ABSTRACT

The limbs of higher vertebrates develop from lateral buds consisting of a somatic mesodermal core, surrounded by an ectodermal epithelium. The anlage of the forelimb is located adjacent to somites 16-21 (Zhi et al., 1996), while the hindlimb forms at the level of somites 26-32 (Jacob et al., 1979). The shape of differentiated fore-and hindlimbs (arm-leg; wingleg) may differ considerably, however, it is becoming more and more obvious that the fundamental gene regulatory and morphogenetic mechanisms of limb development are highly conserved (for review see: Morgan and Tabin, 1993; Tabin, 1995; Tickle, 1995; Niswander, 1997). Most of our knowledge on limb development is derived from molecular studies on murine and avian embryos, and many experimental studies employing micro-surgical techniques have been performed on avian and amphibian embryos.
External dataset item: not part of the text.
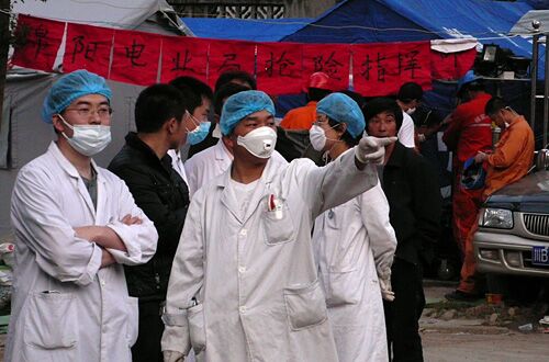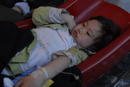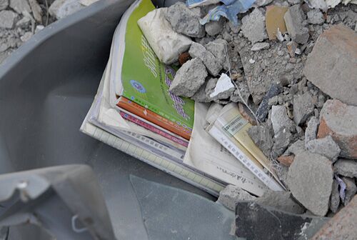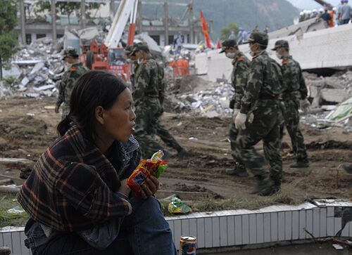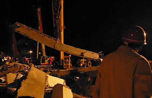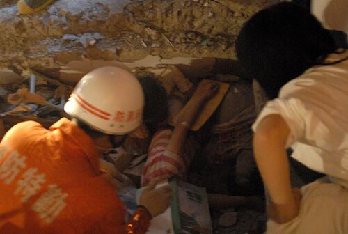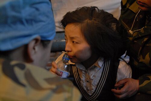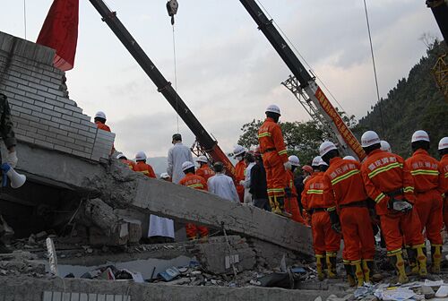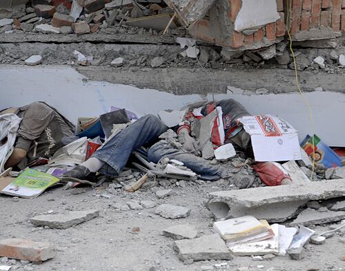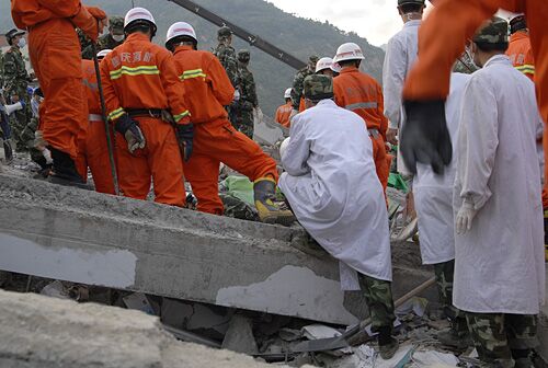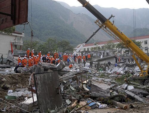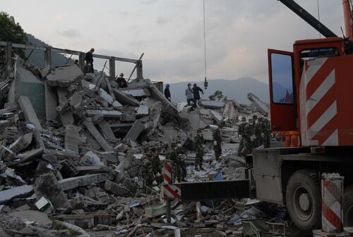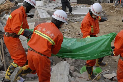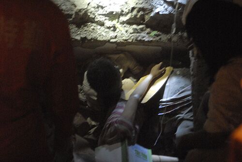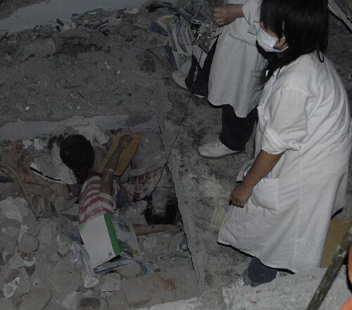 坍塌的教学楼 学生们的课本 救助官兵和医生在紧张搜救 废墟下孩子们的尸体 被挖掘出的孩子尸体 校园内一片狼藉,一栋五层的教学楼完全被地震夷为平地残砖断砾中散落着大量学生的课本和作业,甚至在废墟下还能不时看到孩子们被支离的尸体,现场情况惨不忍睹。 到处是急促奔跑的医生、救灾士兵、志愿者...... 来自重庆的援助医生,他们已经两天没有休息了,仍然站在倒塌的学校前,期望能够搜救出更多幸存的孩子,但一下午的时间,只搜救出三名幸存的孩子。现场有三台大型起重机正在把坍塌在表面上的水泥梁柱吊起,在这些被吊起的水泥柱面上还能清晰地看到孩子们留下的血迹。大量救灾战士在紧张搜救,他们争分夺秒,发掘那些被掩埋在废墟下的宝贵生命。救援官兵们,几乎每隔十分钟就会搜寻出一具孩子的尸骸。我们到达时已经距离孩子被掩埋已经超过四十八小时,以救援常识来看,孩子们的生还机率以分钟计在不断陡降。此刻才充分体现出时间就是生命。 就在我们被眼前的景象惊呆时,一个生命的奇迹在孩子身上发生了:几名官兵和医生抬着一个刚被抢救出的学生,来到临时医用救助帐篷。这个被救孩子是北川一中初二的女学生,她生命特征明显,甚至能清晰地告送医生,在她被救出地点不远处的水泥预制板下,还有三名同学在一直同她讲话。在这个临时生命的庇护所里还有另外两个女孩:一名也是北川一中初二的学生,另外一名是只有六岁的北川小学的孩子,她是上午从已被夷为废墟的县城里救出转运到这里的。她看上去很茫然,她根本无法去理解眼前所发生的一切。 被救出的北川一中初二学生,她的生命特征明显 年仅六岁的北川小学学生 在废墟上我们还看到两个被压着的孩子,其中一个已经无生命特征,另外一个的生命特征也非常微弱,一名医生和一名救险战士为了鼓励她保持清醒,为救助争取宝贵时间,就不停地和孩子说话。。。。。。 还被埋在废墟里的学生 救援官兵和医生在和这个学生喊话,让她保持清醒 夜已经很深了,但是来自全国各地的抢险救灾队还在努力搜寻掩埋的孩子们 今天的气温在二十多度,救援现场已经弥漫出一股尸体腐烂的味道,但是这丝毫没影响救助官兵和医生抢救进程,他们非常令人顷佩。 眼前的一切撕裂着扬帆计划项目组的心,我们无法用更多的语言去表达,我们唯有为孩子们默默祈祷,愿生命一直可以眷顾他们,别离开他们。。。。。。

These studies have shown that the positioning of the limb anlagen is determined by genes that, in sum, establish the so-called hox code (Charité et al., 1994; Cohn et al., 1997). The specific expression pattern of Hox9 genes in the somatic mesoderm of wing, flank and leg level is crucial for the positioning of limb buds and their specification into wing or leg (Cohn et al., 1997). Outgrowth and patterning of the limbs is controlled by a cascade of regulatory genes involving Fibroblast Growth Factors (FGFs), Bone morphogenetic proteins (Bmps), Sonic hedgehog (Shh), Radical fringe and Wnts (Peters et al., 1992; Riddle et al., 1993; Dealy et al., 1993; Echelard et al., 1993; Niswander et al., 1994; Cohn et al., 1995; Crossley and Martin 1995; Laufer et al., 1997).